_MATERIAL SUPPLIED_
------

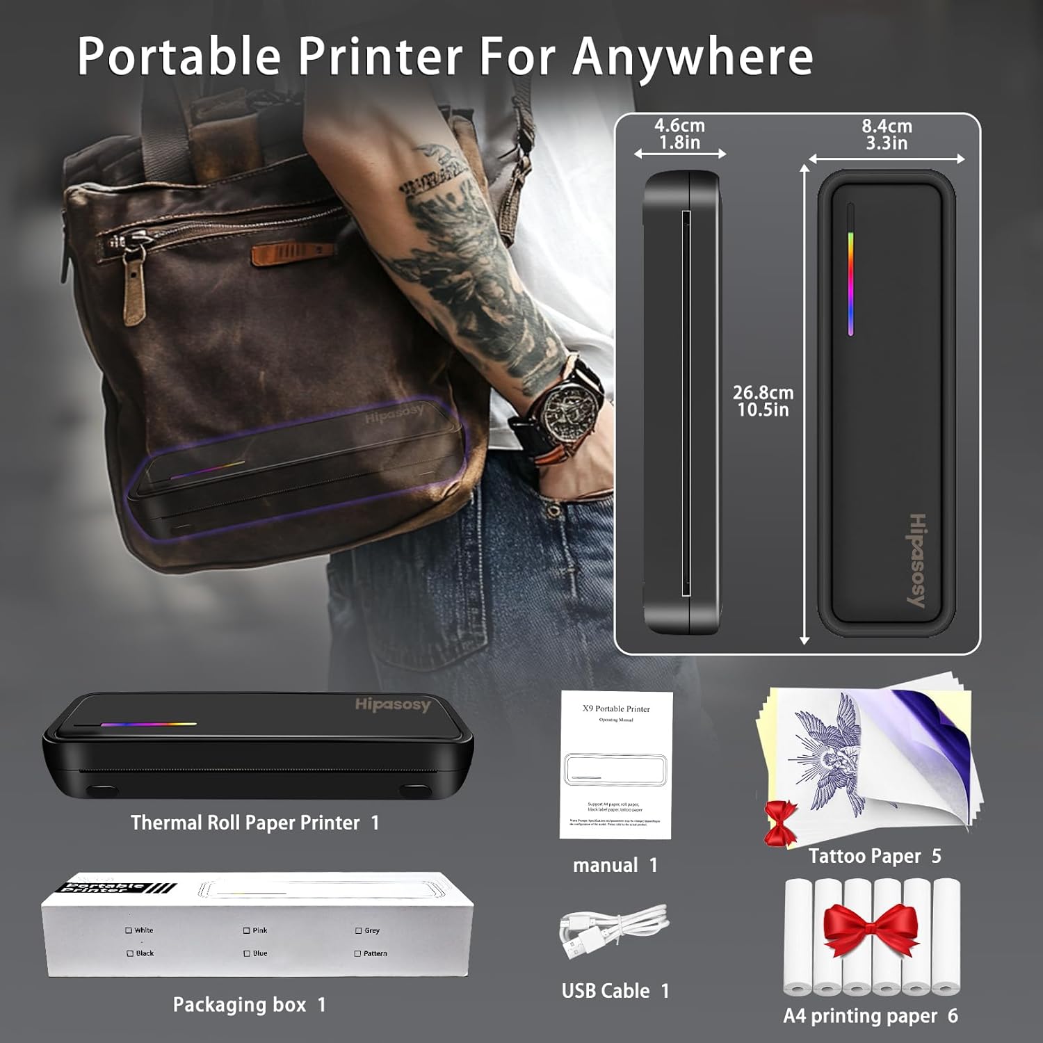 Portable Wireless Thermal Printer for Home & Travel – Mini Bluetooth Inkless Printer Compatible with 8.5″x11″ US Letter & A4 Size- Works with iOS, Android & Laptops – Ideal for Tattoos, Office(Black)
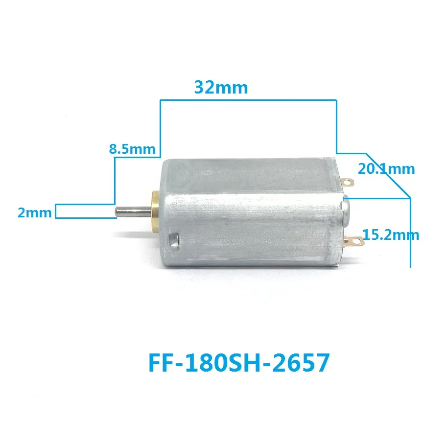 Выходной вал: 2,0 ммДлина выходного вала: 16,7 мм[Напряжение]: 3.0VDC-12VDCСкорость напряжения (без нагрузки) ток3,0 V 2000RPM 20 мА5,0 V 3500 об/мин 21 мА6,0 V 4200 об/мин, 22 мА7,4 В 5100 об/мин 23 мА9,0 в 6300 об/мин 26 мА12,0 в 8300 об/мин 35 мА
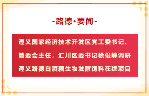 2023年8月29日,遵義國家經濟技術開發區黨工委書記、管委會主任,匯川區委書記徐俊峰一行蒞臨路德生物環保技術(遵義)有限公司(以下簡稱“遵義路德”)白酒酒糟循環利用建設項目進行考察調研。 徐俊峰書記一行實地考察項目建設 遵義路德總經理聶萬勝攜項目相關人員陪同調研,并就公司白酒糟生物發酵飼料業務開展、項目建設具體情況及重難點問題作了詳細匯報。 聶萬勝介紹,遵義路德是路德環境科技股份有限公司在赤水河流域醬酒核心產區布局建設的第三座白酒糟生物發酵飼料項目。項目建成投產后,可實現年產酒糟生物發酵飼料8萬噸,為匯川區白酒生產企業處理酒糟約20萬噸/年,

------

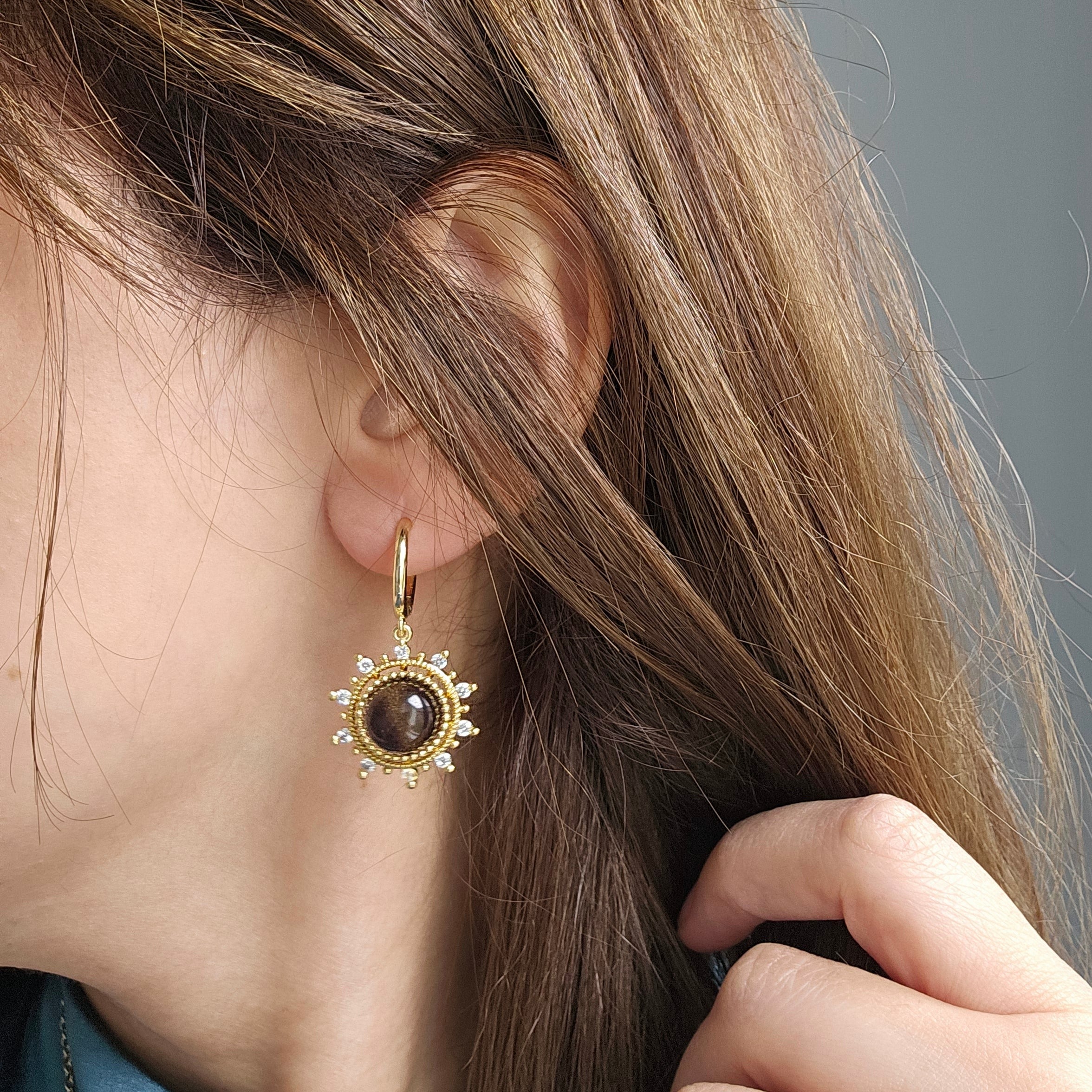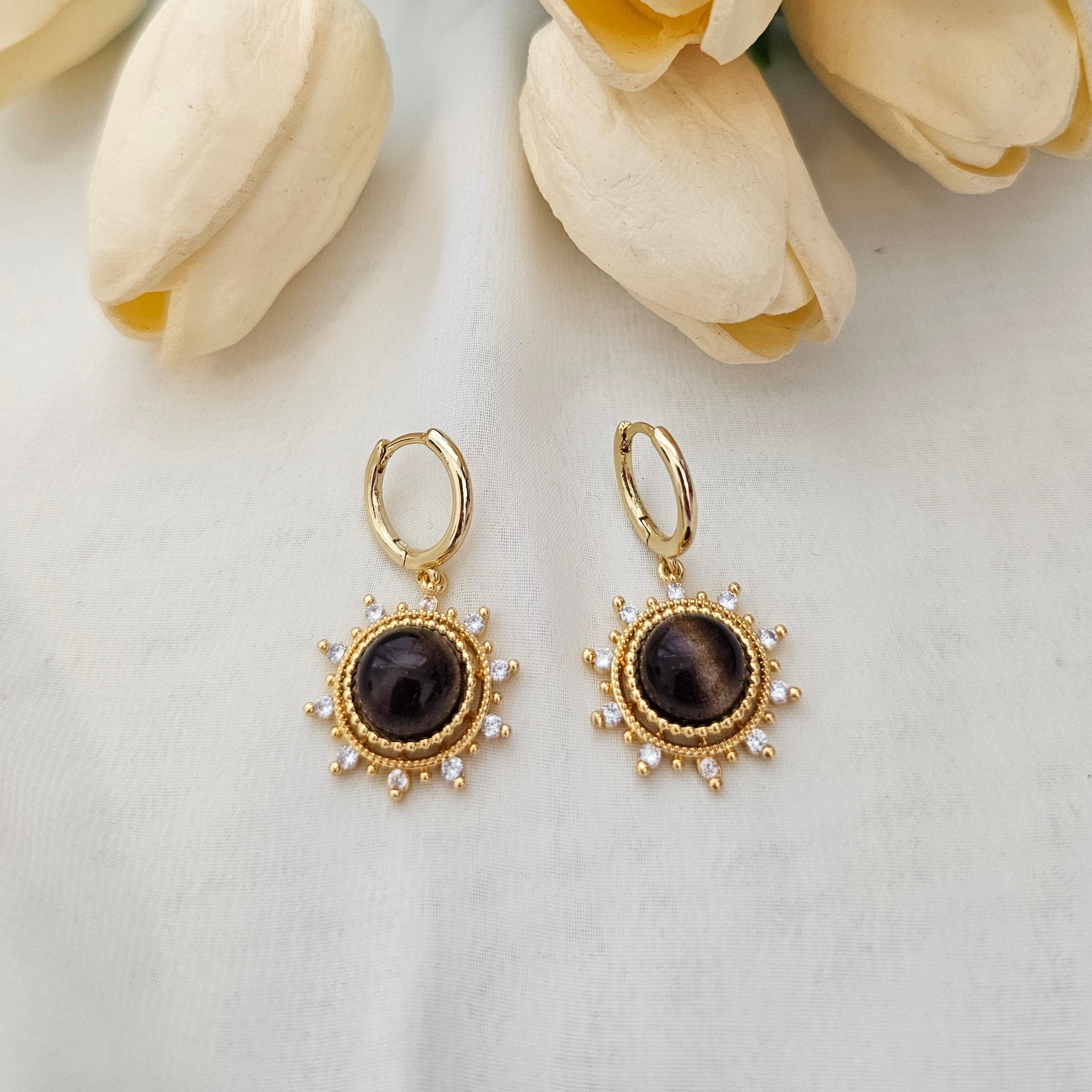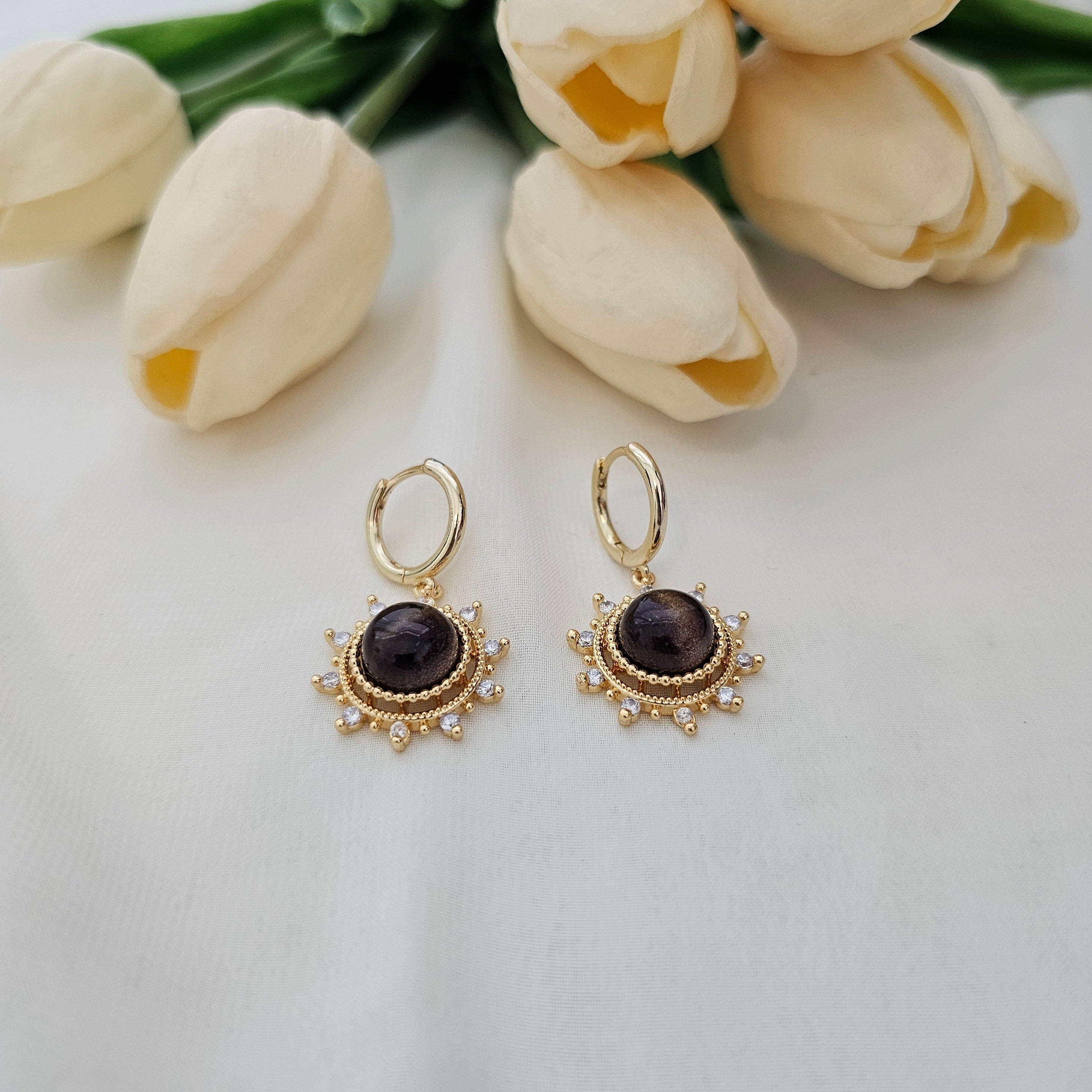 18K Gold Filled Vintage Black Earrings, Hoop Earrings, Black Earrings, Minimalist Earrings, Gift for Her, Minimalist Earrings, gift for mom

------

_PROBLEM_
Give again, exactly as written above, every line from the one holding "Portable Wireless Thermal" to the one holding "Выходной вал: 2,0", with both ends kept and the pictures left out.

_COMPLETED TASK_
 Portable Wireless Thermal Printer for Home & Travel – Mini Bluetooth Inkless Printer Compatible with 8.5″x11″ US Letter & A4 Size- Works with iOS, Android & Laptops – Ideal for Tattoos, Office(Black)
 Выходной вал: 2,0 ммДлина выходного вала: 16,7 мм[Напряжение]: 3.0VDC-12VDCСкорость напряжения (без нагрузки) ток3,0 V 2000RPM 20 мА5,0 V 3500 об/мин 21 мА6,0 V 4200 об/мин, 22 мА7,4 В 5100 об/мин 23 мА9,0 в 6300 об/мин 26 мА12,0 в 8300 об/мин 35 мА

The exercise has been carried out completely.